Politisi Partai Demokrat itu juga menegaskan sinkronisasi antar dinas yang berada di bawah pemkab/pemkot maupun pemprov juga menjadi faktor yang sangat penting.
“Jika ada dualisme tanggung jawab, akan sulit berkoordinasi. Ada yang mengatakan domain saya SD dan SMP, domain saya SMA dan SMK, padahal seharusnya bisa saling komunikasi.
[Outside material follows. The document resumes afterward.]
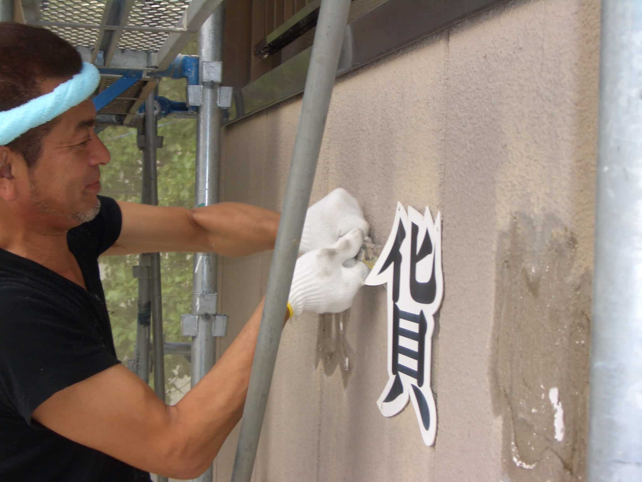 - 外壁を塗るため、看板を撤去しています。まず、固定してあるネジをドライバーで外しました。看板の裏側に皮スキ(ヘラ)を差し込んで、全体を剥がしていきます。

Nah, yang kayak gini, tentu kami minta dukungan dari Kemendikbudristek untuk terus memberikan bimbingan pelatihan agar ada sinkronisasi antara dinas-dinas di daerah,” kata dia.
Seperti diketahui, Kemendikbudristek menghadirkan Kurikulum Merdeka pada 2022 dengan penyederhanaan dan peningkatan fokus pada pengembangan karakter peserta didik. Pelaksana Tugas Kepala Pusat Kurikulum dan Pembelajaran Kemendikbudristek, Zulfikri menyampaikan tujuan Kurikulum Merdeka adalah agar guru bisa fokus kepada muridnya, sehingga administrasi dibuat lebih sederhana. Dengan hadirnya kurikulum ini, ungkapnya, energi guru lebih difokuskan mengurusi anak lantaran administrasinya lebih disederhanakan.
“Ukuran keberhasilan bukan pada kelengkapan dokumen atau kepatuhan administrasi, tetapi pada seberapa jauh terjadi perubahan pada diri anak,” ucapnya.
Zulfikri pun menjelaskan para guru memiliki kemerdekaan untuk merancang sendiri sistem pembelajaran yang dianggap paling sesuai dengan potensi muridnya.
“Mendidik adalah memerdekakan anak secara lahir batin. Tidak hanya pengetahuan yang kita kejar, tetapi juga karakternya,” tutupnya.